● Problem details: Only an exact repetition of the lines from the one holding "Welcome home to" to the end of the data is wanted, with pictures left out.

● Given material:
###

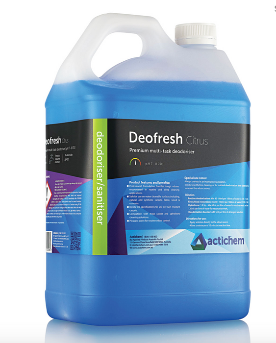 Deofresh is a professional deodoriser formulated to handle tough odours, provide routine odour control and a fragrance boost for cleaning solutions. The Deofresh formulation is tough enough to handle the every day mal-odours encountered by the cleaning professional. Added to this is a pleasant, fresh fragrance which leaves the cleaned area with a lingering clean scent.
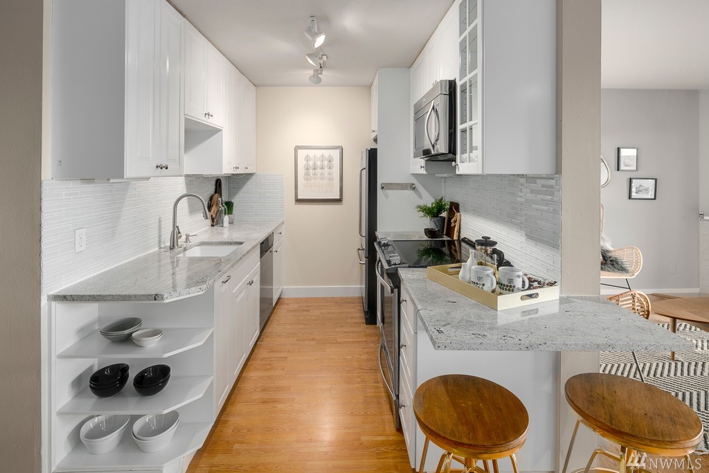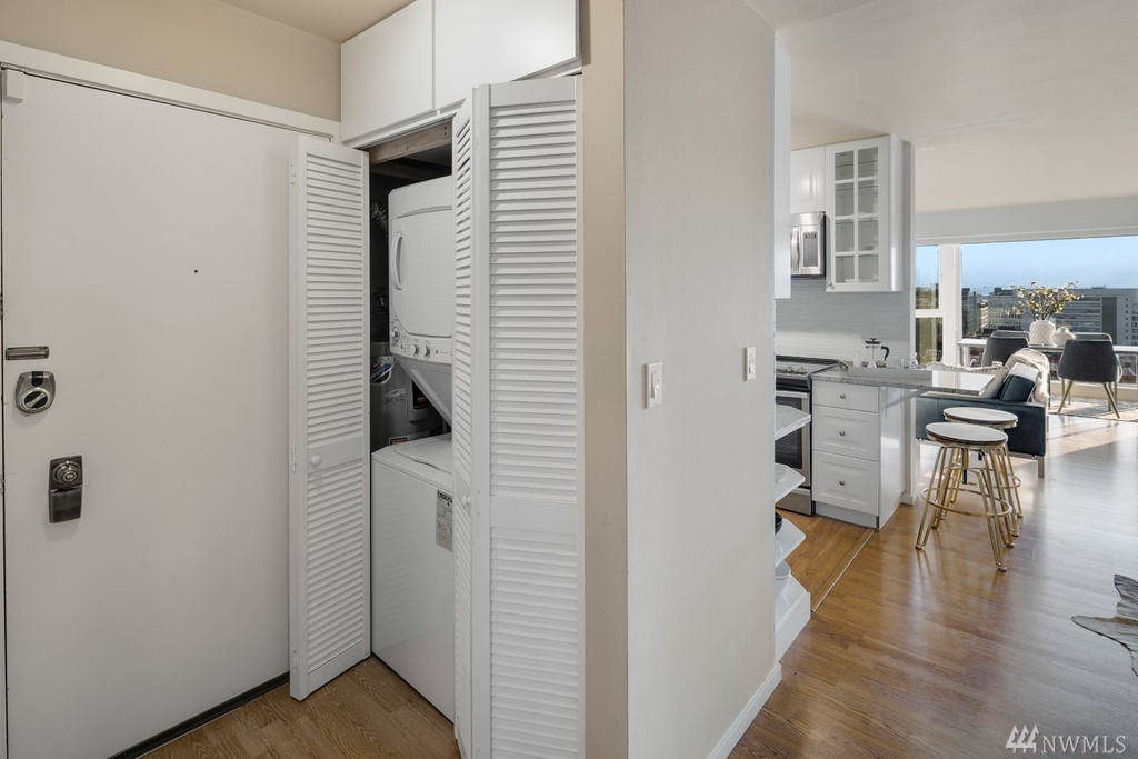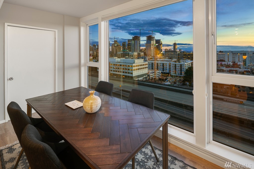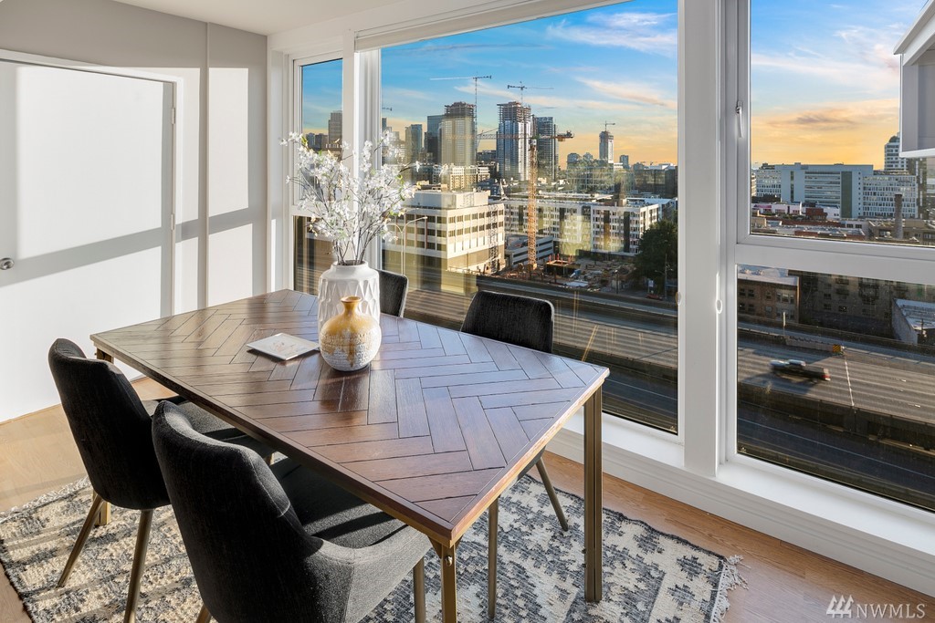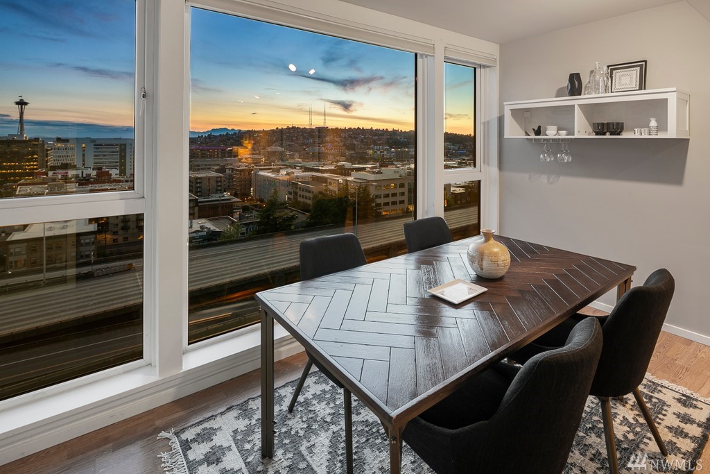 Welcome home to the epicenter of it all! Perfectly situated between SLU & Capitol Hill, this incredible view unit features dramatic floor-to-ceiling windows with unobstructed views of the Space Needle, Olympics, DT & Lake Union. This spacious floor plan offers an oversized 1 bedroom with ample closet space, 1 bath, updated kitchen, office space, fireplace & rare, in-unit laundry. Also included: 1 parking, 1 storage unit & no rental cap. Perfect for investors or to make your own, urban sanctuary!
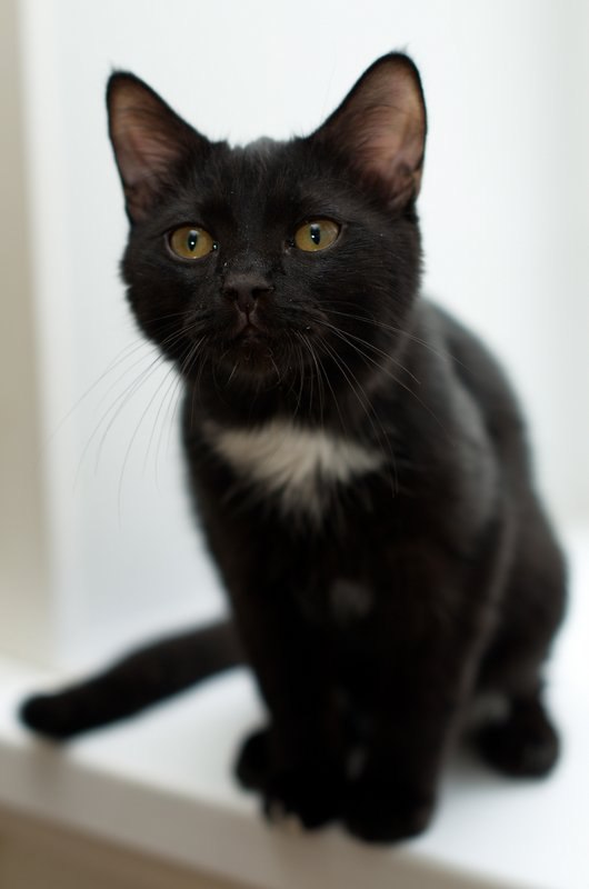 Ищем дом вот такому юному франту с очевидным именем Черныш! Сейчас ему 5 месяцев. Котенок здоров, неприхотлив в еде и безошибочно попадает в лоток (с любым наполнителем). С другими кошками отлично, будет только рад товарищу по играм. Бесстрашный, активный, ласковый, общительный, мега-позитивный парень, никого и ничего не боится и готов носиться целый день, но! при этом любит сидеть на руках и мурчать.
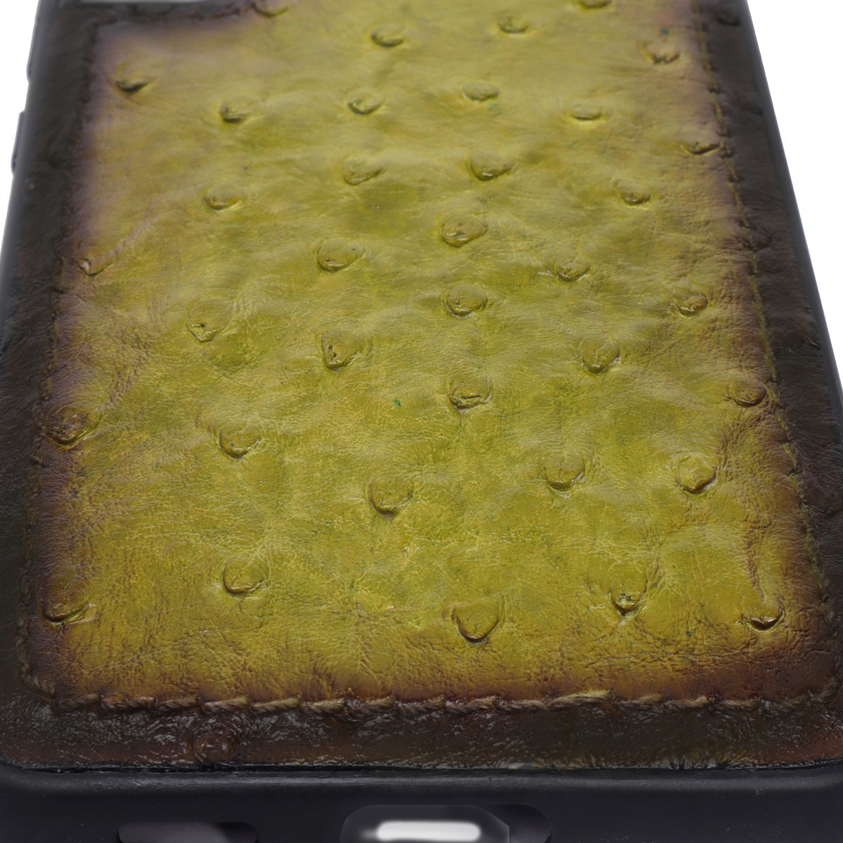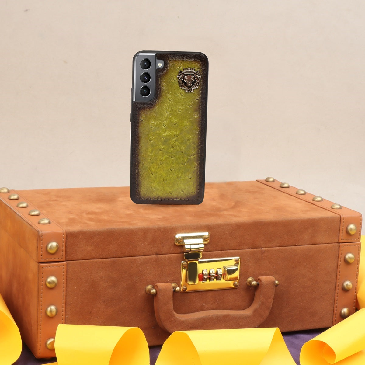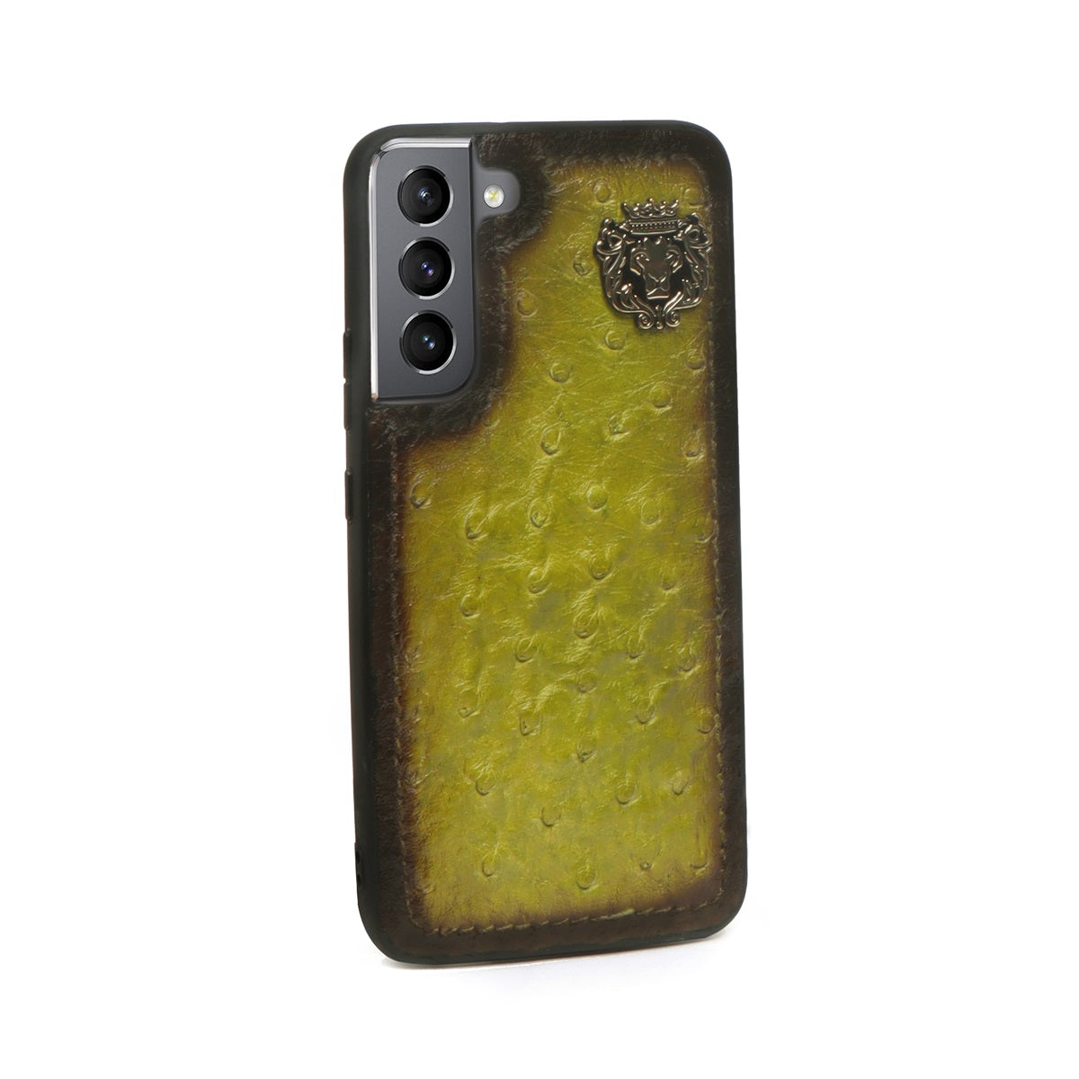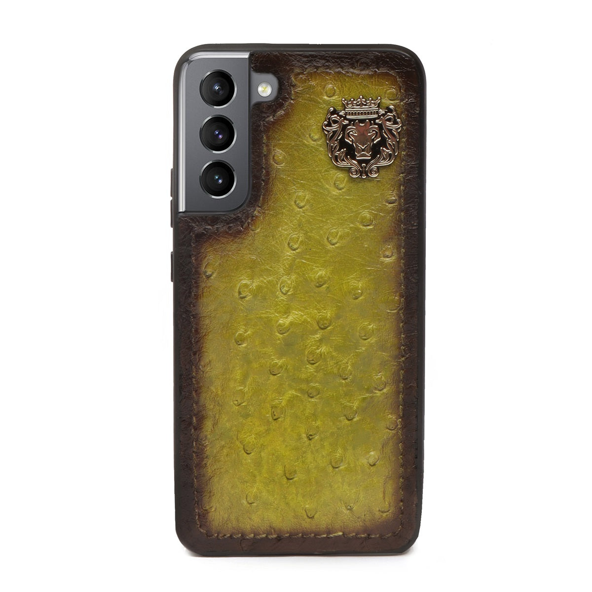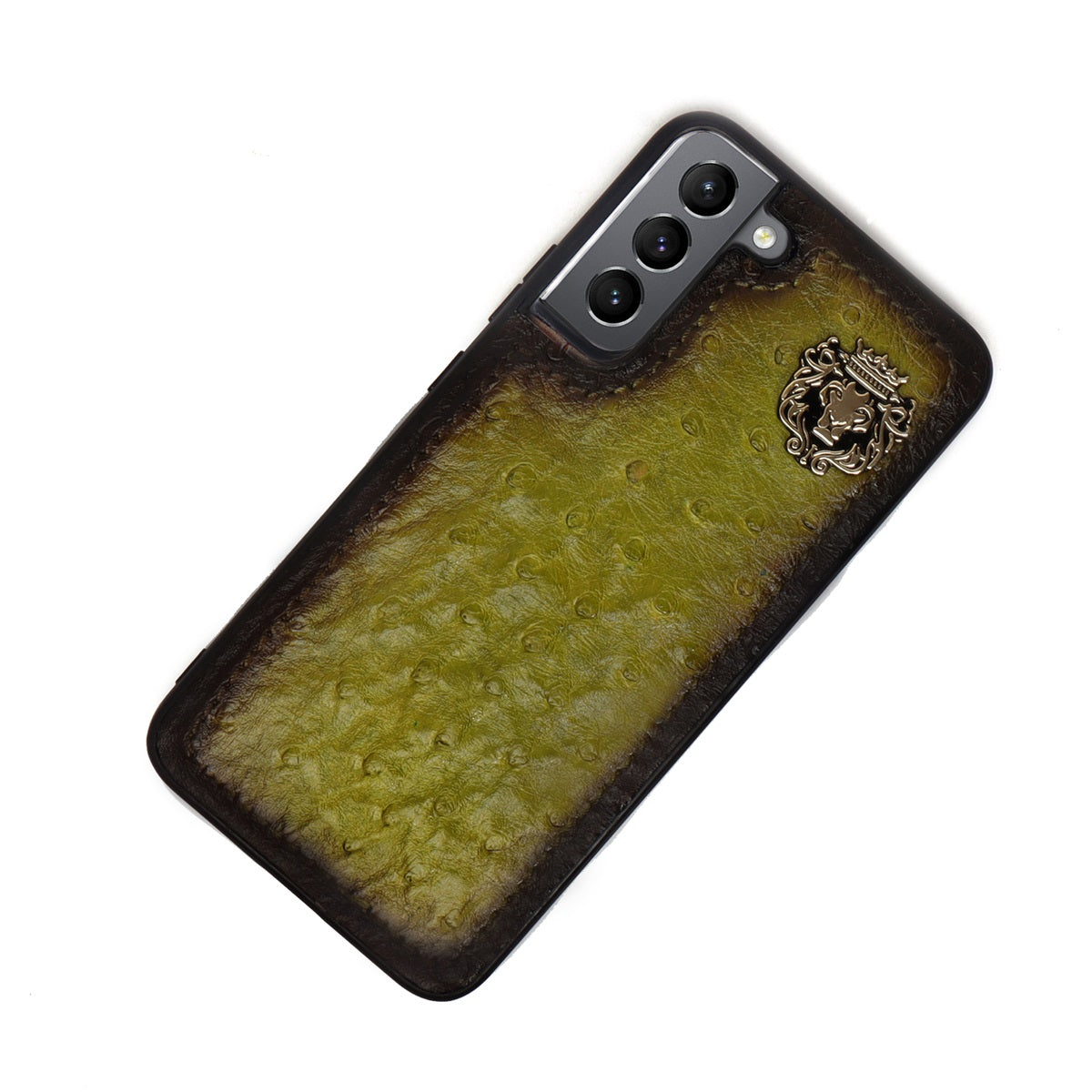 Samsung S Series Ultra Mobile Cover Olive Real Ostrich Leather

###

● Expected output:
 Welcome home to the epicenter of it all! Perfectly situated between SLU & Capitol Hill, this incredible view unit features dramatic floor-to-ceiling windows with unobstructed views of the Space Needle, Olympics, DT & Lake Union. This spacious floor plan offers an oversized 1 bedroom with ample closet space, 1 bath, updated kitchen, office space, fireplace & rare, in-unit laundry. Also included: 1 parking, 1 storage unit & no rental cap. Perfect for investors or to make your own, urban sanctuary!
 Ищем дом вот такому юному франту с очевидным именем Черныш! Сейчас ему 5 месяцев. Котенок здоров, неприхотлив в еде и безошибочно попадает в лоток (с любым наполнителем). С другими кошками отлично, будет только рад товарищу по играм. Бесстрашный, активный, ласковый, общительный, мега-позитивный парень, никого и ничего не боится и готов носиться целый день, но! при этом любит сидеть на руках и мурчать.
 Samsung S Series Ultra Mobile Cover Olive Real Ostrich Leather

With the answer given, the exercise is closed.